For those who do not know, Guam is a U.S. Territory in the South Pacific. It measures 209 square miles (“one-sixth the size of Rhode Island,” I would say during interviews) and had a population of less than 200,000 people. It is so small that chances are good that when someone asked, “Hey—do you know so-and-so? He was from Guam too!” chances are I would either know that person or someone in their immediate family. I grew up there, and left at the age of 17 for college in the “mainland.” My mom still calls Guam home, and the last time I traveled there was on the first anniversary of my father’s death. Getting home is both very expensive (especially when the cost includes my spouse and three kids) and very long—about 24 hours in total travel time.

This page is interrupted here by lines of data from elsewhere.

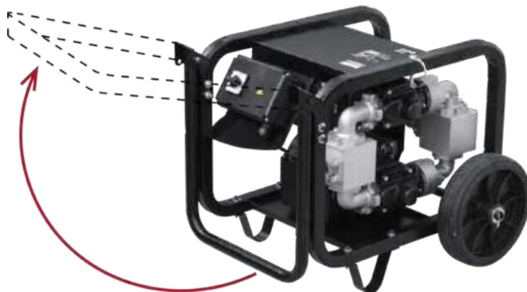
HANDY KIT: VERSION WITH WHEELS AND HANDLE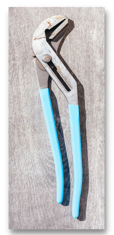
Tool Needed: Channel Lock (20 inches or larger)

If you have a Paramount or A&A Delta UV disconnect plumbing connection union with a channel lock (20 inches or larger) at the bottom of the UV like the photo below.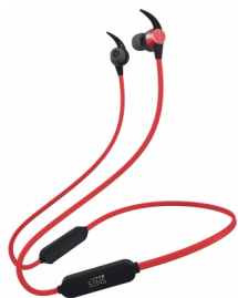
Model Number: NBB1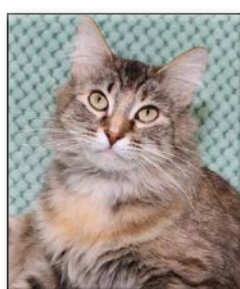
LORETTA Unspayed Female Medium Hair Brown Tabby Approximate DOB: November 2017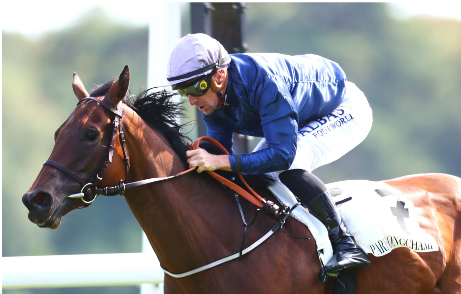
Lastotchka is bound for Australia with the Melbourne Cup on her radar | Scoop Dyga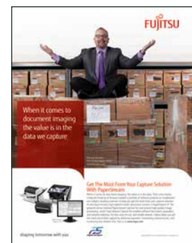
Fujitsu in this issue.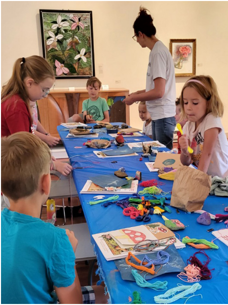
Ligonier art camp was so popular, an extra week was offered to the community.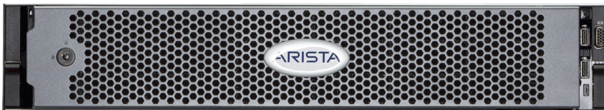
Arista DMF Service Node: DCA-DM-SDL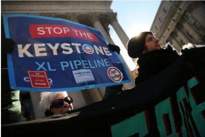
Protesters participate in an anti-Keystone pipeline demonstration in New York's Foley Square on November 18, 2014

A US state high court on Friday overturned a ruling that had blocked construction of the Keystone XL oil pipeline, giving a dramatic victory to supporters of the controversial project.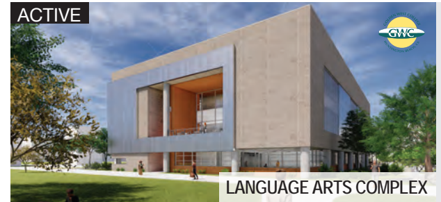
LANGUAGE ARTS COMPLEX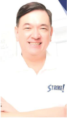
Mayor Strike REVILLA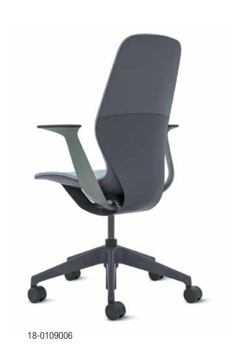
MERLE PLASTIC + MERLE PAINT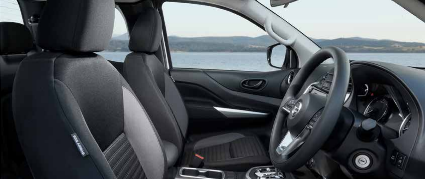
SL INTERIOR SHOWN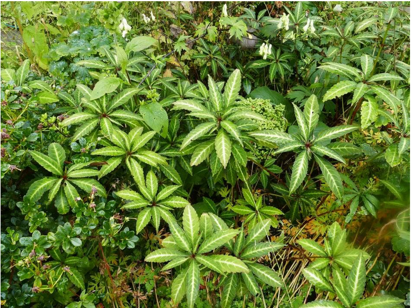
The artist in me is always looking at patterns, shapes and colours such as the striking leaves of Impatiens omeiana that before the rain were stilling limp but are now held up proudly having been revived by the rain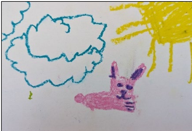
I like bunnies. And I liked Advent Garden. And I liked playing with my friends..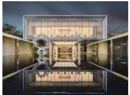
南京旭輝鉅悅源墅 Nanjing CIFI Park Mansion Yuan

Although my parents dreamed I would come home once I completed training, I had other ideas. I am not exactly sure when I decided, but I envisioned a career in academic medicine. I saw myself as a teacher, and after training at Memorial Sloan-Kettering Cancer Center, I wanted to do what I could to improve on the standards of care and dedicated my career to clinical trials. It was as much a vocation as was the decision to go into medicine.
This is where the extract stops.